Problem details -> Among the entries that follow, find every line with the word "dane" and list it.

[Items listed in a dataset]

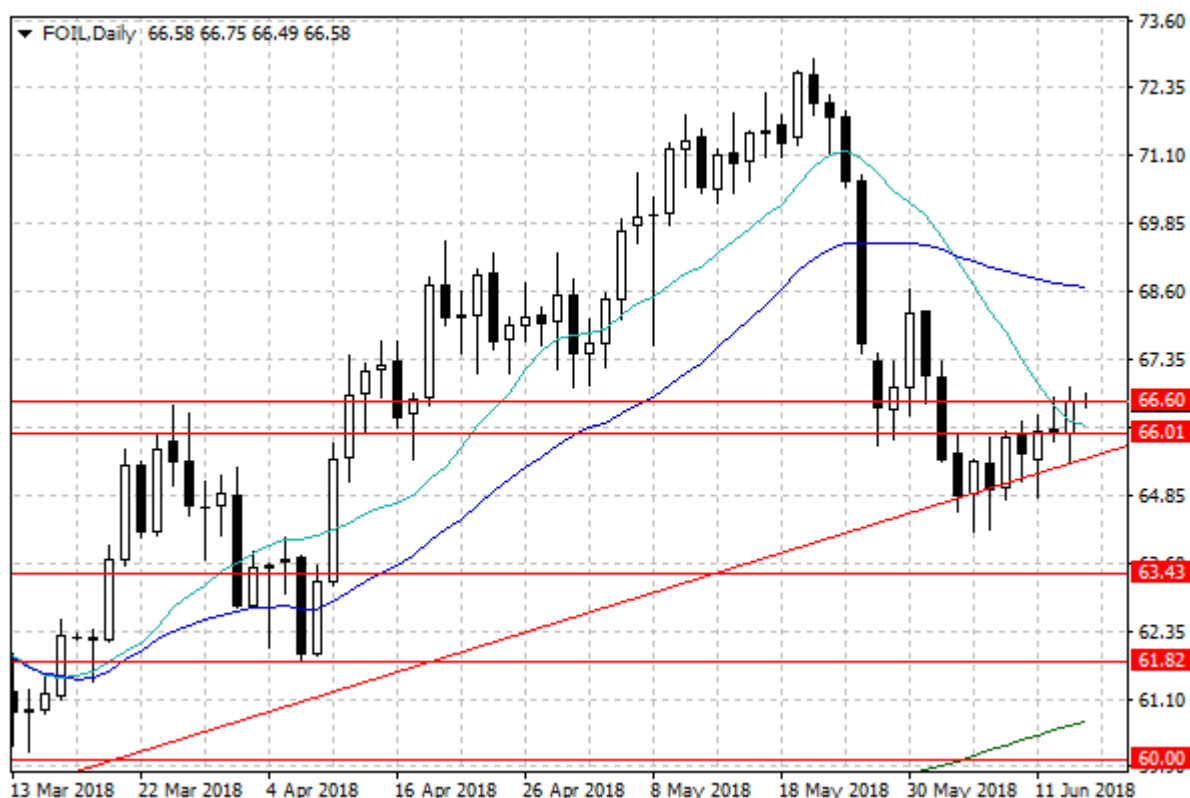
Notowania ropy naftowej WTI – dane dzienne

Wczoraj pozytywnie na ceny ropy naftowej WTI wpłynęły przede wszystkim dane zawarte w raporcie amerykańskiego Departamentu Energii. Instytucja ta podała, że w minionym tygodniu zapasy ropy naftowej w USA spadły o 4,1 mln baryłek, przy czym oczekiwano niższej o niecałe 3 mln baryłek. Zaskoczeniem był spadek zapasów benzyny i destylatów (odpowiednio o 2,3 mln i 2,1 mln baryłek), podczas gdy oczekiwano, że ich poziom nie zmieni się znacząco.
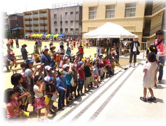
下京ひかり児童館の子とが司会をつとめました。子どもたち考案のジャンケン大会なども。
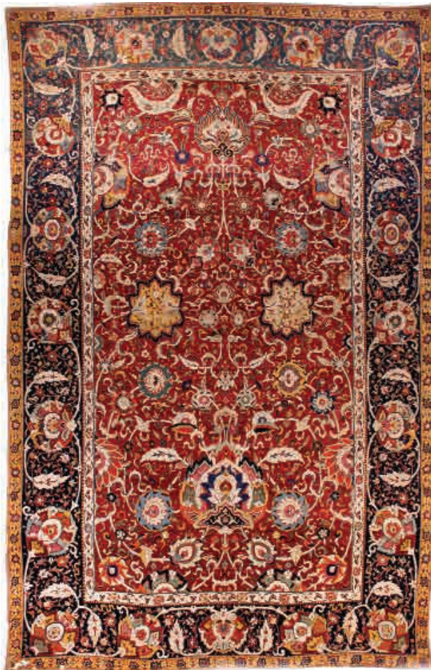
تصویر ۴ - قالی افشان شاه عباسی گلابتون دار اواسط قرن ۱۷ م. ۱۱ ه ق. موزه آستان قدس رضوی (محل بافت تصویر: اروین گانزروتن، همان، ص ۸۲)

بافته شده است پس از تحقیق از خزانه دار آستانه درباره صحت این مطلب و این که آیا مدارک مستندی که موبد این فرضیه باشد وجود دارد یا نه؟ وی اظهار داشت فهرستی در اختیار آستان قدس رضوی است که در حدود بیست و پنج سال قبل تهیه گردیده و در آن ذکر شده که قالی مزبور به دستور شاه عباس در شهر مشهد برای آستانه تهیه گردیده است. وی افزود این اظهارات متکی به روایات و احادیث است و کارشناسان نیز آن را تأیید کرده اند... (سیسیل ادواردز، ۱۳۶۸، ص ۱۸۲ و ۱۸۳) این قالی زیبا و نفیس در ابعاد ۳۵۵×۵۵۵ سانتی متر بافته شده است. متن قالی به صورت ۱/۲ طراحی شده و رنگ آن قرمز تیره است. گل های شاه عباسی برگ کنگری بسیار بزرگ، اسلیمی های ابری و همچنین الیاف فلزی به کار رفته در بافت آن از شاخصهای این فرش هستند، یکی از عواملی که سبب شده تا قالی از نفاست بالایی برخوردار شود استفاده از نخ گلابتون [۱۹] برای بافت قسمت های از قالی است. آرتور پوپ معتقد است. باب شدن قالی هایی زربفت و سیم بفت در ایران سبب تولید این گونه از فرشها در خراسان شده است و این شیوه بافت باعث شده تا حدی از کیفیت قالیهای

Exercise response ->
Notowania ropy naftowej WTI – dane dzienne
Wczoraj pozytywnie na ceny ropy naftowej WTI wpłynęły przede wszystkim dane zawarte w raporcie amerykańskiego Departamentu Energii. Instytucja ta podała, że w minionym tygodniu zapasy ropy naftowej w USA spadły o 4,1 mln baryłek, przy czym oczekiwano niższej o niecałe 3 mln baryłek. Zaskoczeniem był spadek zapasów benzyny i destylatów (odpowiednio o 2,3 mln i 2,1 mln baryłek), podczas gdy oczekiwano, że ich poziom nie zmieni się znacząco.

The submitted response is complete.